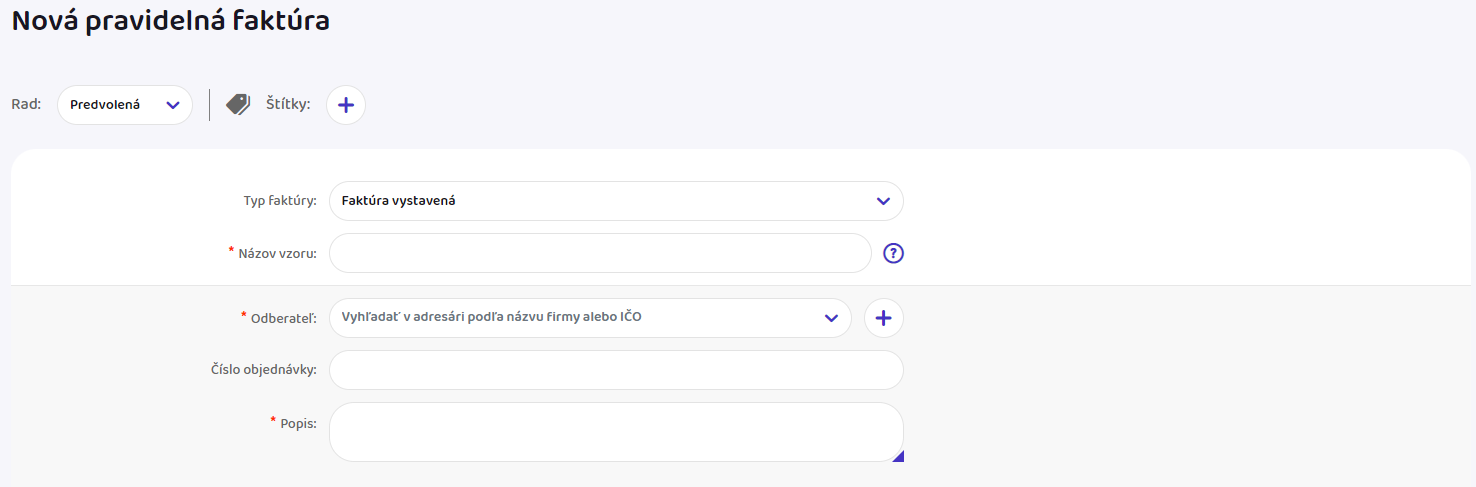 Návod, ako začať zakladať nový vzor pravidelnej faktúry, nájdete v predchádzajúcej časti pomocníka.
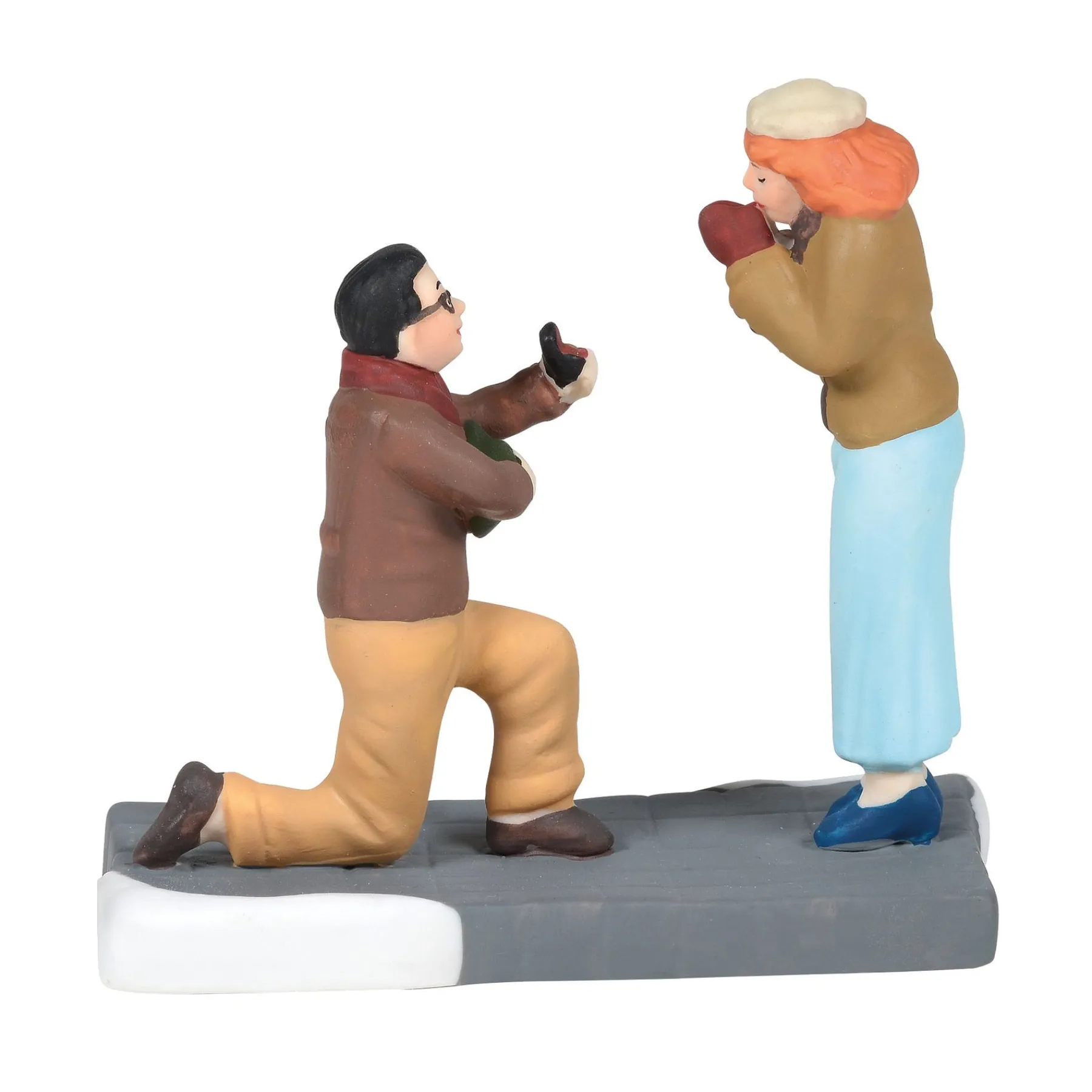 A partner on one knee with ring in hand is the dream of many girls hoping for a holiday engagement. this Village accessory is hand-crafted, hand-painted, Porcelain.
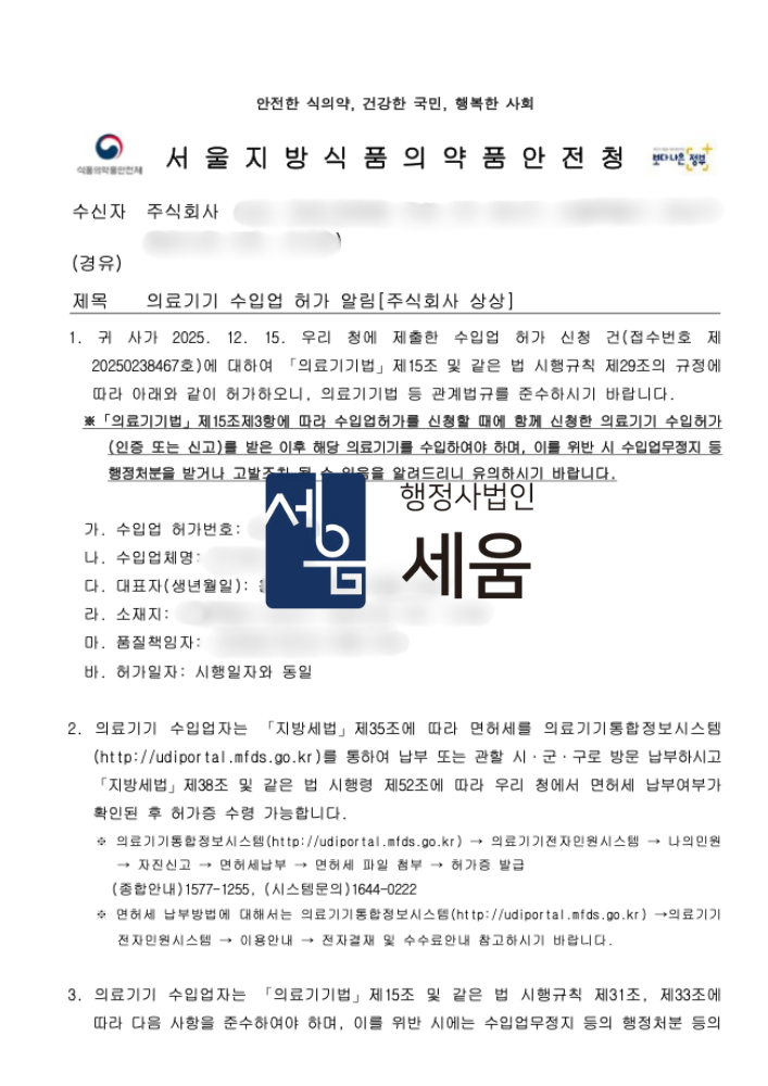 의료기기 수입업 허가 사례
━━━━━━━━━━━━━━━━
◆ **EXERCISE PROMPT**: From the first line to the last, transcribe the listing exactly; skip the pictures.

◆ **PROBLEM SOLUTION**:
 Návod, ako začať zakladať nový vzor pravidelnej faktúry, nájdete v predchádzajúcej časti pomocníka.
 A partner on one knee with ring in hand is the dream of many girls hoping for a holiday engagement. this Village accessory is hand-crafted, hand-painted, Porcelain.
 의료기기 수입업 허가 사례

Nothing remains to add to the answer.